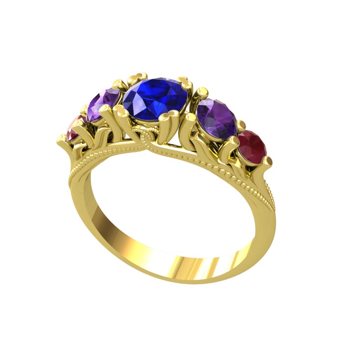 Lab safir, ametist ve kök yakut 8 ayar altın yüzük
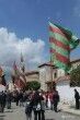 decenas de niños y niñas ataviados con trajes tradicionales. Las carrozas
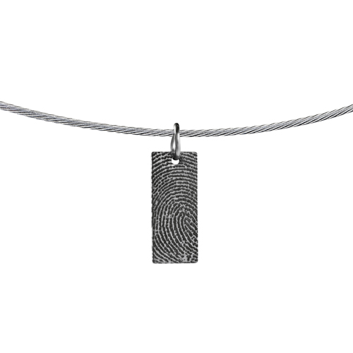 Elegant en toch speels. Het rechthoekige design van deze zilveren hanger met vingerafdruk maakt het sieraad tot een moderne en eigentijdse uiting van liefde en herinnering. In de hanger wordt met grote precisie de vingerafdruk van een geliefde of dierbare gegraveerd. Dat maakt de hanger zeer geschikt als huwelijkscadeau of juist als gedenksieraad voor een overledene. Ook is het mogelijk om een geschaalde afbeelding van een handpalm, dierenpootje of babyhandje of –voetje in de afdrukhanger te laten zetten.
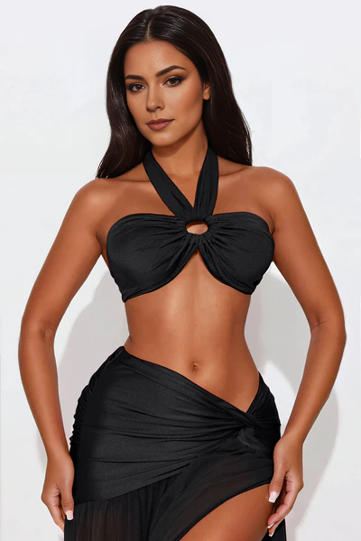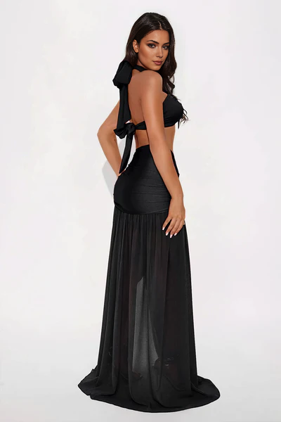 BirB Bloom Halter Slit Black Maxi Skirt Set
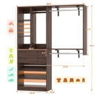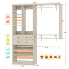 Product Description Versatile Functionality The 5FT closet system features 4 heavy-duty shelves, 3 hanging rods, 2 sliding drawers, and 3 shoe storage shelves offering versatility in organizing clothes, shoes, and accessories, catering to your family's needs. This closet organizer system will transform your normal blah closet into a very organized closet space with storage. The reversible design of heavy shelvings makes your closet organizer system more flexible. If you're seeking an easy-to-assemble and versatile closet system, the Besiost 5FT closet system is a solid choice. It will be a valuable addition to your home organization. Considerate Details Two Storage Drawers - The drawers are easy to open with smooth sliders. You can store pants, scarves, etc. Adjustable Storage Shelves -Two shoe storage shelves can be placed at adjustable heights with the metal shoe stops at the ends. You can also place these shelves horizontally to store your daily necessities in storage baskets for organizing. Adjustable Hanging Rods - 3 Hanging Rods are easy to install. If you need to adjust the length, just rotate the joints of the metal rods then you can adjust it as you need. Reversible Shelvings - The reversible design of heavy shelvings makes your closet organizer system more flexible. Add it to your walk-in closet for a stunning look About Installation Single-sided Wall-mount - It is a single-sided wall-mount closet organizer and storage system, so there is no need to attach it between two walls. Just attach its backside to the wall with strong anti-fall accessories so it will be sturdy when holding many more things. Straightforward Instructions - The included instructions provided clear and concise guidance, making the task relatively easy to accomplish. The components were well-packaged, and all the necessary hardware was included. DIY and Cut - If the width of this closet organizer system does not fit your space, the shelving boards can be cut to fit. But please do it carefully and make the cutting surface flush to fit the side board.

WHAT TO WORK ON
In the answer, include exactly the lines from the top of the entries through the line containing "BirB Bloom Halter Slit Black Maxi Skirt Set", and nothing else, not even the pictures.

WRITTEN SOLUTION
 Lab safir, ametist ve kök yakut 8 ayar altın yüzük
 decenas de niños y niñas ataviados con trajes tradicionales. Las carrozas
 Elegant en toch speels. Het rechthoekige design van deze zilveren hanger met vingerafdruk maakt het sieraad tot een moderne en eigentijdse uiting van liefde en herinnering. In de hanger wordt met grote precisie de vingerafdruk van een geliefde of dierbare gegraveerd. Dat maakt de hanger zeer geschikt als huwelijkscadeau of juist als gedenksieraad voor een overledene. Ook is het mogelijk om een geschaalde afbeelding van een handpalm, dierenpootje of babyhandje of –voetje in de afdrukhanger te laten zetten.
 BirB Bloom Halter Slit Black Maxi Skirt Set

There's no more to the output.